As mentioned earlier, iodine has the potential to contribute to the increased incidence of PTC. Previous in vitro studies have sought to determine the optimal concentration and timing of potassium iodate (KIO₃) for inducing cell proliferation in PTC cell lines, often using methods such as CCK-8 or EdU analysis. However, this study utilized the RTCA system to reliably identify the most suitable concentration and time for observing proliferative effects in PTC cell lines through continuous monitoring. RTCA enables uninterrupted observation of cellular responses, allowing for a more precise assessment of the effects of KIO₃ on cell proliferation over time. This method not only provides real-time data on cell adhesion and growth, but also reduces the variability associated with endpoint measurements commonly used in traditional assays. By employing RTCA, we aimed to establish a clearer understanding of how different concentrations of KIO₃ influence the proliferative capacity of PTC cell lines, thereby enhancing our knowledge of iodine's role in PTC pathogenesis.

The methodology focused on identifying the most effective period and concentration of KIO₃ treatment for promoting cell proliferation. Fig. 5A illustrates the time-dependent changes in the CI of BCPAP cells, normalized against a series of KIO₃ concentrations ranging from 0.01 to 100 μmol/L. Notably, Fig. 5B reveals a pattern of initial growth followed by a decline, indicating the existence of an optimal dosage for proliferation. Further analysis showed that the normalized cell index (NCI) for BCPAP cells treated with KIO₃ concentrations between 6 µmol/L and 20 µmol/L was significantly higher than those observed at other concentrations. Similarly, Fig. 5C and 5D display the trends in the CI for TPC-1 cells across varying concentrations (0.01 to 10 μmol/L), exhibiting a comparable trend of increased proliferation at specific concentrations.
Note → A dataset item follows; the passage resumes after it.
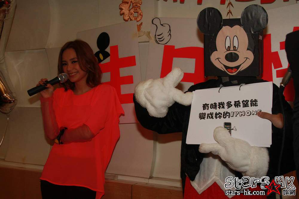 阿Sa 表示向迪士尼借米奇老鼠服裝卻不果,幸好得到熱心的粉絲為她找到合身的,而人物的頭只好用紙合代替。 由於阿Sa 曾向阿嬌說要到內地工作而未能出席派對,令阿嬌意想不到米奇老鼠就是她,而調皮的阿Sa 主要是給老拍檔一個驚喜而已。派對完畢後,阿嬌感謝所有歌迷的支持,表示會加倍努力來答謝大家,並祝歌迷新一年開開心心,身體健康,一同進步。

These findings suggest that certain concentrations of KIO₃, particularly in the range of 6 µmol/L to 20 µmol/L, effectively stimulate notable proliferative responses in PTC cell lines. Further exploration of the mechanisms driving iodine-induced cell proliferation is warranted, as it could provide critical insights into the pathogenesis of PTC and potentially inform therapeutic strategies.
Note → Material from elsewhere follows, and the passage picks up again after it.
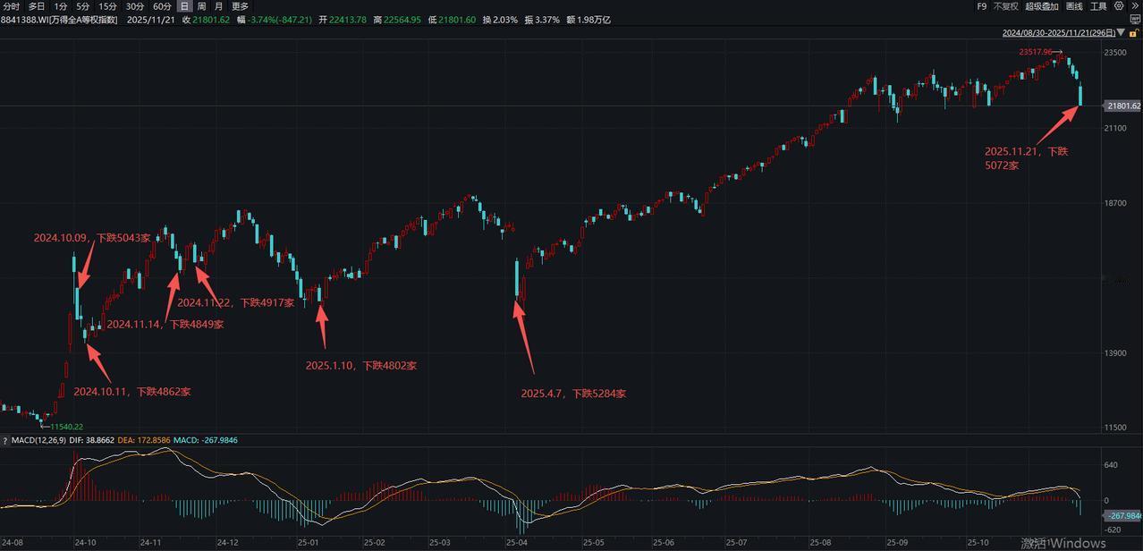 超5000家下跌,市场跌到头了吗?数据告诉你,接下来会怎么样? 今日市场放量下挫,个股几乎全线飘绿——全市场近5100只股票收跌,一片惨淡。 面对如此剧烈的调整,市场自然不乏“解释”: 美联储12月降息预期落空引发流动性忧虑 AI概念估值泡沫引发资金撤离 海外局势再度升温 叠加国内公募基金年底考核压力…… 各种利空消息纷至沓来,仿佛每一根阴线都有“合理”的理由。 但如果我们暂时跳出盘面波动,冷静审视一个更本质的问题: 真正驱动这轮下跌的,是不是股价本身已经处于相对高位? 值得注意的是,当前市场已连续六个交易日下跌。 而历史经验告诉我们,在持续下行过程中,利空消息往往会集中释放、被放大甚至被“制造”出来,用以解释市场的悲观情绪。 然而,情绪归情绪,现实未必更糟。 不妨拉长时间维度来看:现在的情况真的比2024年9月更差吗?比2025年4月更严峻吗? 回顾自2024年9月以来的数据,全A股单日下跌家数超过4800只的情形总共出现过7次。 其中,2024年有4次,集中在9月快速冲高后的震荡回调阶段,而2025年至今已有3次,分别出现在1月和4月——而这两次,恰恰都构成了阶段性的重要底部区域。 换句话说,极端普跌往往不是风险的起点,反而可能是市场情绪过度释放、接近阶段性拐点的信号。 当绝大多数股票都在下跌时,与其被短期噪音裹挟,不如多一分理性,多一分对历史节奏的敬畏。

Figure  5.  Confirmation of optimal KIO₃ treating dose in papillary thyroid cancer (PTC) cell lines BCPAP and TPC-1

Cell suspensions were incubated in E-16 plate. KIO₃ was compounded right when linear increase of cell index after a brief plateau phase. The timepoint is chosen as 24 h when observed from real-time cell index curve. The detecting interval is 15 minutes and whole period lasts for 96 hours. Cell index was normalized at the time when KIO₃ was added. Cell index values were picked in an interval of 3 hours to draw showed curves. A, C, the cell viability of BCPAP (A) and TPC-1 (C) were measured by RTCA, error bars represent s.d. of measurement replicates (N ≥ 3). B, D, at 48h after KIO₃ treated, NCIs of BCPAP (B) and TPC-1 (D) were compared with KIO₃ concentrations from 0.01 µmol/L to 100 µmol/L and from 0.01 µmol/L to 10 µmol/L respectively. ^***P < 0.001.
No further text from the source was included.